Records from a dataset
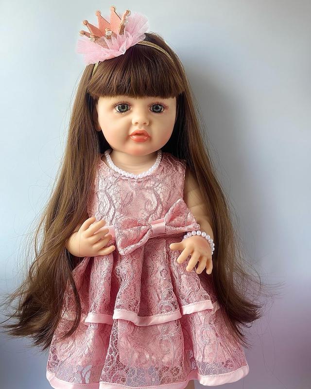 Привет! Я хочу быть твоей подружкой. Выполнена я из высококачественного винил силикона. Меня можно купать. Я могу сидеть, стоять и лежать. Мне можно делать прически, волосы длинные, приятные на ощупь, как у человека. Мочить волосы мне не рекомендовано, поэтому при купании надевайте мне защитную шапочку. Мой рост 55 см. Я одета в праздничное кружевное розовое платье. Также, свои ножки обуты в белые носочки и туфельки. На голове у меня корона. Имею с собой магнитную пустышку, бутылочку, памперс 🩷✨ Я жду тебя.☺️
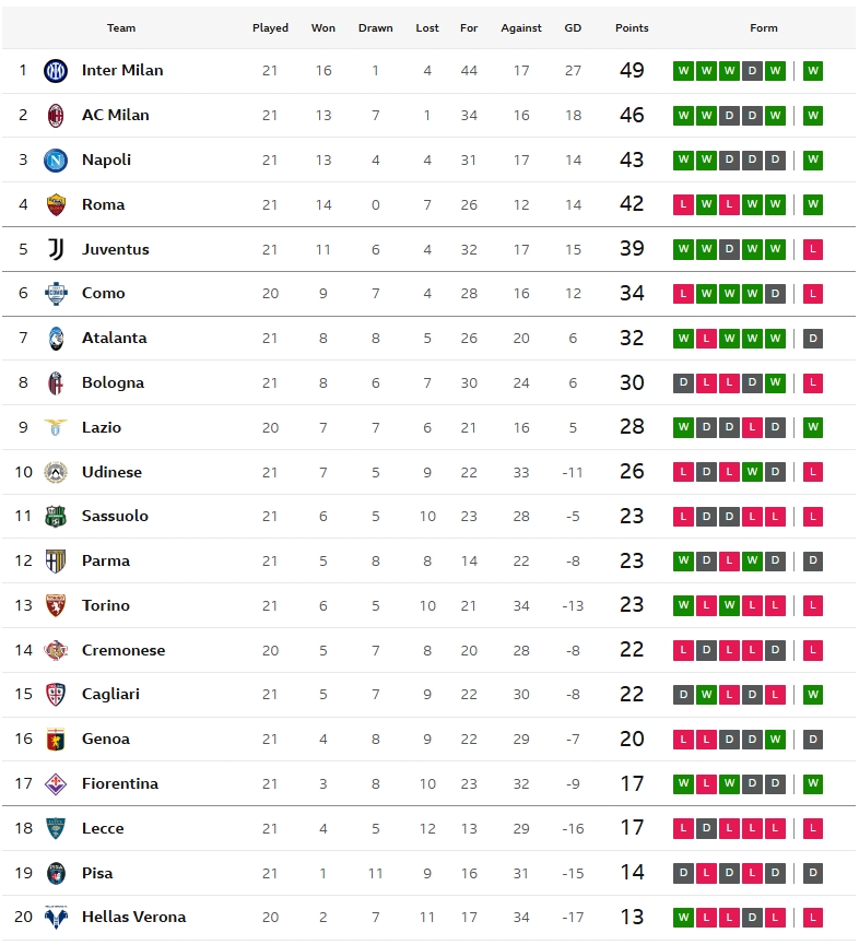 เอซี มิลาน บุกแล้วบุกอีก แต่เจอความยอดเยี่ยมของ วัลดิมิโร่ ฟัลโคเน่ นายทวารเลชเช่ งัดฟอร์มเซฟไว้ได้ตลอด สุดท้าย นิคลาส ฟูลล์ครูก ตัวสำรองลงมาโหม่งจ่อ ๆ นาทีที่ 76 เบิกสกอร์แรกของตัวเอง เป็นประตูชัยให้ทีมของ มัสซิมิเลียโน่ อัลเลกรี เอาชนะไปแบบหวุดหวิด 1-0 ไล่จี้ อินเตอร์ มิลาน กลับมาเป็น 3 คะแนนตามเดิม
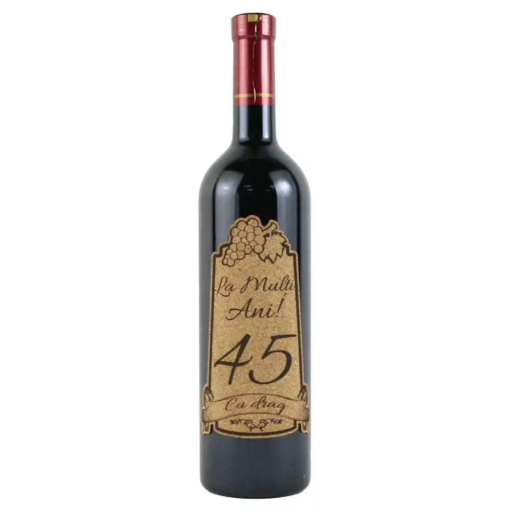 Vin rosu 750 ml „45 La multi ani! Cu drag” cu eticheta personalizata din pluta
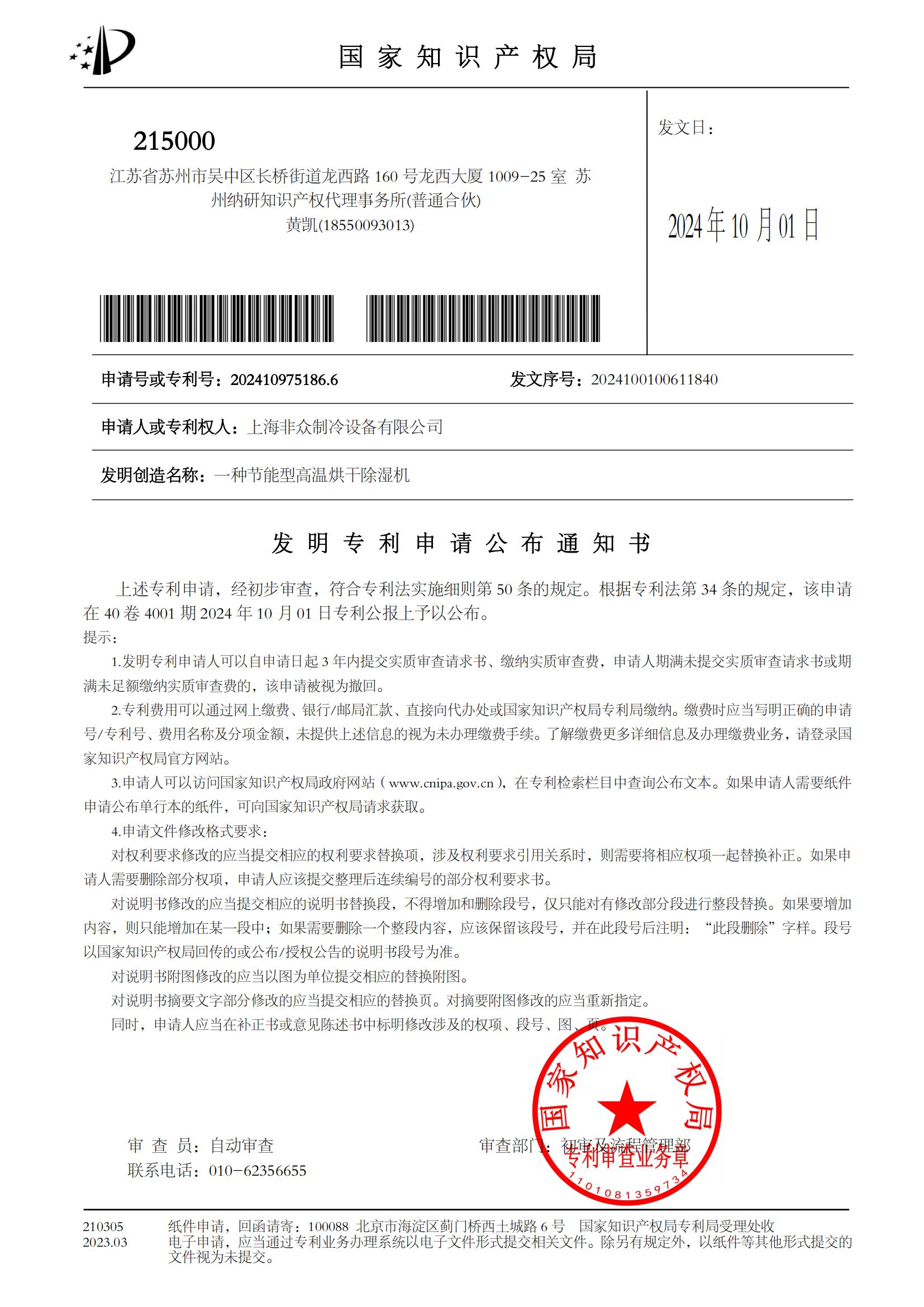 熱烈祝賀上海非眾制冷“一體式的屋頂空調(diào)機(jī),專利號:ZL 2024 2 0258431.7”實用新型專利獲得國家知識產(chǎn)權(quán)局授權(quán),取得專利證書并申請公布發(fā)明專利“ 一種節(jié)能型高溫烘干除濕機(jī),申請?zhí)柣驅(qū)@枺?/span>202410975186.6 ”
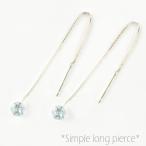 ロングピアス レディース プラチナ アクアマリン アメリカンピアス 3月誕生石 揺れる 地金ピアス シンプル 一粒 ジュエル 4mm クリスマス
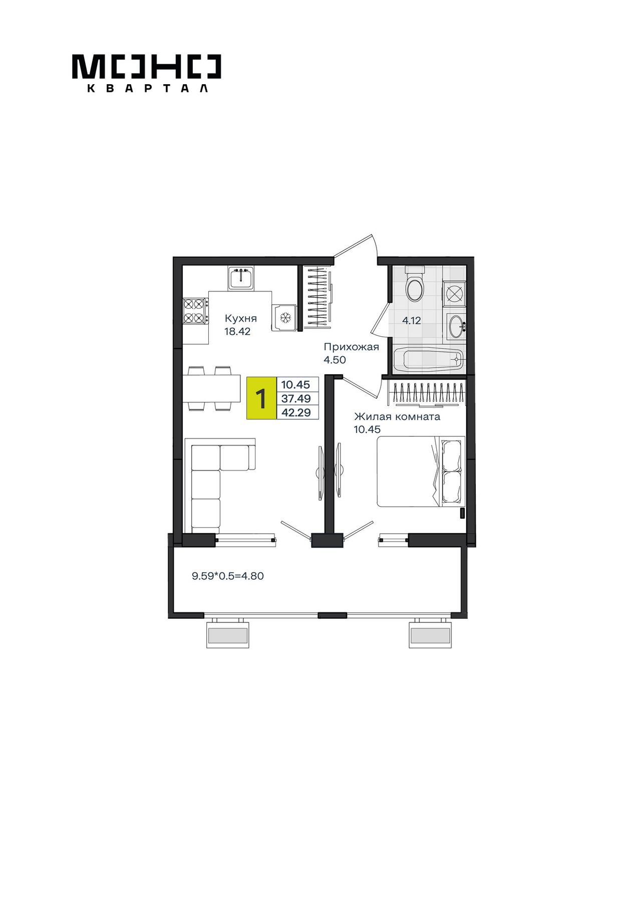 1-комнатная — 42,29 м² 2/8 эт. в МОНО Квартал
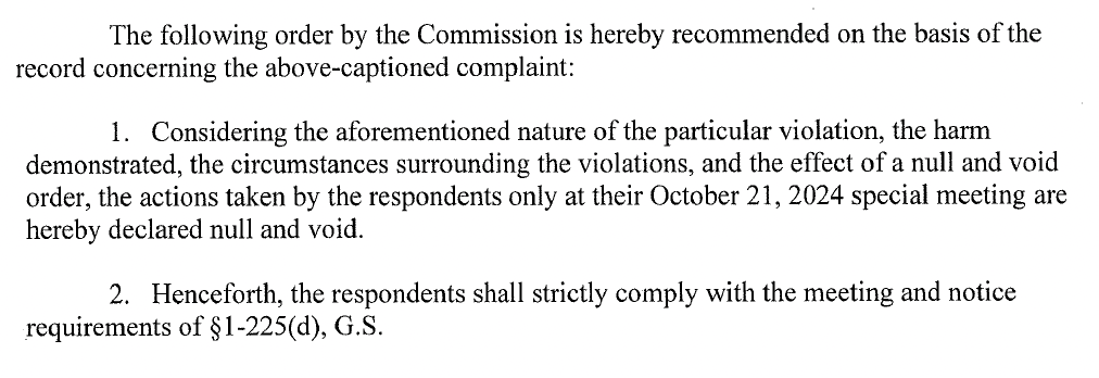 Now, the FOIC can provide relief that it “believes appropriate to rectify the denial of any right conferred by the [act]” and that includes declaring any action “null and void” that was “taken at any meeting which a person was denied the right to attend.” It was also found that the Democrats “deprived the public of access to the appointment of an official who ... would otherwise have been elected to serve by the public.” It was further found that the Democrats did not act in good faith to comply with the notice requirements of the FOI Act with respect to the October 21st “emergency” meeting. The Commission recognizes that nullification “may call into question the legality of any actions by the respondent board in which Ms. Behette’s vote constituted a deciding vote.” Nonetheless the FOIC believes the “proper remedy” would be to “declare null and void the action taken” at the October 21st meeting, aka the “sham emergency meeting” where the Democrats attempted the coup.” Here is the Finding in their words: The FOIC will issue the final ruling on October 22, 2025. What is most significant and most frightening is the joint collaboration by the Democrat Selectwoman and the Democrat controlled BOE to block the legal challenge to what proved to be an illegal act of the BOE in violation of the meeting and notice requirement of Section 1-225(d) of the Connecticut General Statutes. Is this what a Democrat controlled Greenwich would look like where a board, specifically the BOE, which controls over $200 million or over 40% of the total town budget, to engage in an illegal act and then do whatever they can to block a challenge to their illegal behavior. Greenwich voters must say no to such rogue action on the part of Greenwich Democrats by electing Republicans as First Selectman (Fred Camillo) Selectwoman (Lauren Rabin) Town Clerk (Jackie Budkins) Tax Collector (Heather Smeriglio) Remember it was First Selectman Fred Camillo and Selectwoman Lauren Rabin who stood up, fought and won the battle against illegal behavior by the Democrat controlled BOE. It was Selectwoman and Democrat Stone McGuigan who did not support the nullification of an illegal act by the BOE. It cannot be Rules for Thee and Not For Me – which is becoming the Democrat Mantra and its awful that this is completely on partisan lines. Over $200 million dollars of the annual Greenwich budget is controlled by the BOE. Illegal actors should not be trusted to control the education of our children and how the budget is allocated. The remainder of the budget is controlled by the BET (Board of Estimate and Taxation). Here too we have a Republican tradition of responsible fiscal spending and keeping taxes low to make Greenwich as affordable as possible while spending more per pupil on education than any of our neighboring towns. Success should rewarded at the ballot box by voting for the Republican BET slate and Row B this November. EARLY VOTING IS GOING ON NOW! The Goldstein Substack is free today. But if you enjoyed this post, you can tell The Goldstein Substack that their writing is valuable by pledging a future subscription. You won't be charged unless they enable payments. |
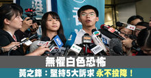 無懼白色恐怖 黃之鋒:堅持5大訴求 永不投降!
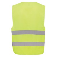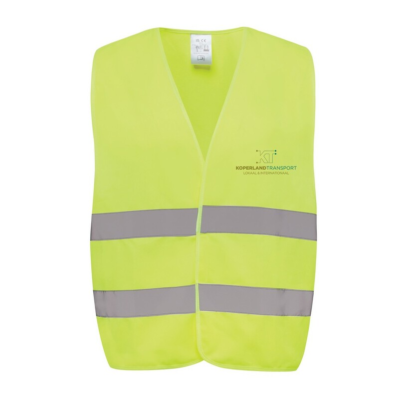 Kamizelka odblaskowa, wykonana z PET z recyklingu, całkowita zawartość materiałów obliczona na podstawie wagi całkowitej przedmiotu: 76%, zgodna z normami EN ISO 20471:2013+A1:2016, UE 2016/425/UE, ślad węglowy produktu: 0,98 kg CO2
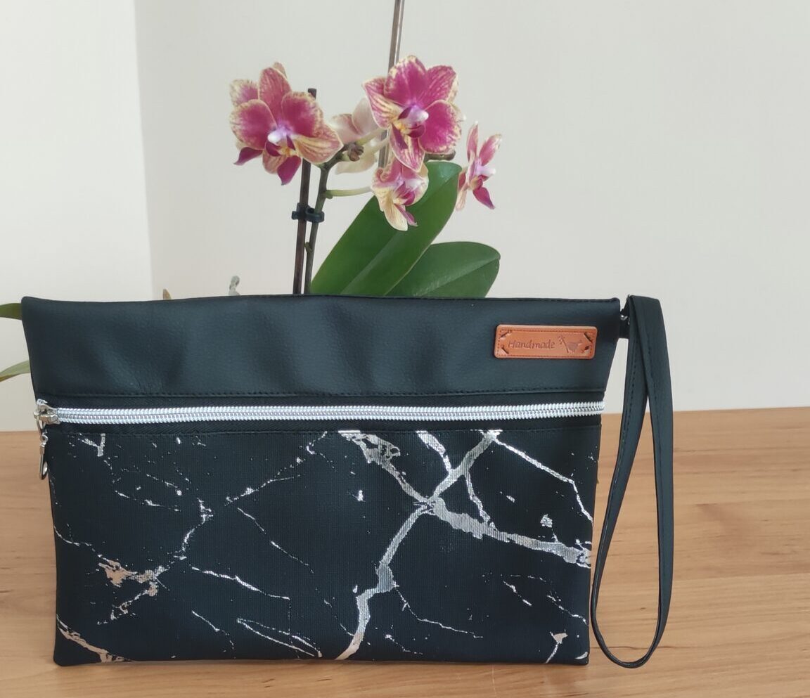 Csuklópántos táska a minimalista stílus és a különleges részletek találkozása. A fekete műbőr felsőrész és a márványmintás dekorvászon harmonikus kontrasztot alkotnak. Belsejét fényes bélésselyem borítja, így még különlegesebb érzés használni.

◆ **Problem to work on**: Write out exactly the lines between the start of the data and the line with "Vin rosu 750", including both, but none of the pictures.

◆ **Task result**:
 Привет! Я хочу быть твоей подружкой. Выполнена я из высококачественного винил силикона. Меня можно купать. Я могу сидеть, стоять и лежать. Мне можно делать прически, волосы длинные, приятные на ощупь, как у человека. Мочить волосы мне не рекомендовано, поэтому при купании надевайте мне защитную шапочку. Мой рост 55 см. Я одета в праздничное кружевное розовое платье. Также, свои ножки обуты в белые носочки и туфельки. На голове у меня корона. Имею с собой магнитную пустышку, бутылочку, памперс 🩷✨ Я жду тебя.☺️
 เอซี มิลาน บุกแล้วบุกอีก แต่เจอความยอดเยี่ยมของ วัลดิมิโร่ ฟัลโคเน่ นายทวารเลชเช่ งัดฟอร์มเซฟไว้ได้ตลอด สุดท้าย นิคลาส ฟูลล์ครูก ตัวสำรองลงมาโหม่งจ่อ ๆ นาทีที่ 76 เบิกสกอร์แรกของตัวเอง เป็นประตูชัยให้ทีมของ มัสซิมิเลียโน่ อัลเลกรี เอาชนะไปแบบหวุดหวิด 1-0 ไล่จี้ อินเตอร์ มิลาน กลับมาเป็น 3 คะแนนตามเดิม
 Vin rosu 750 ml „45 La multi ani! Cu drag” cu eticheta personalizata din pluta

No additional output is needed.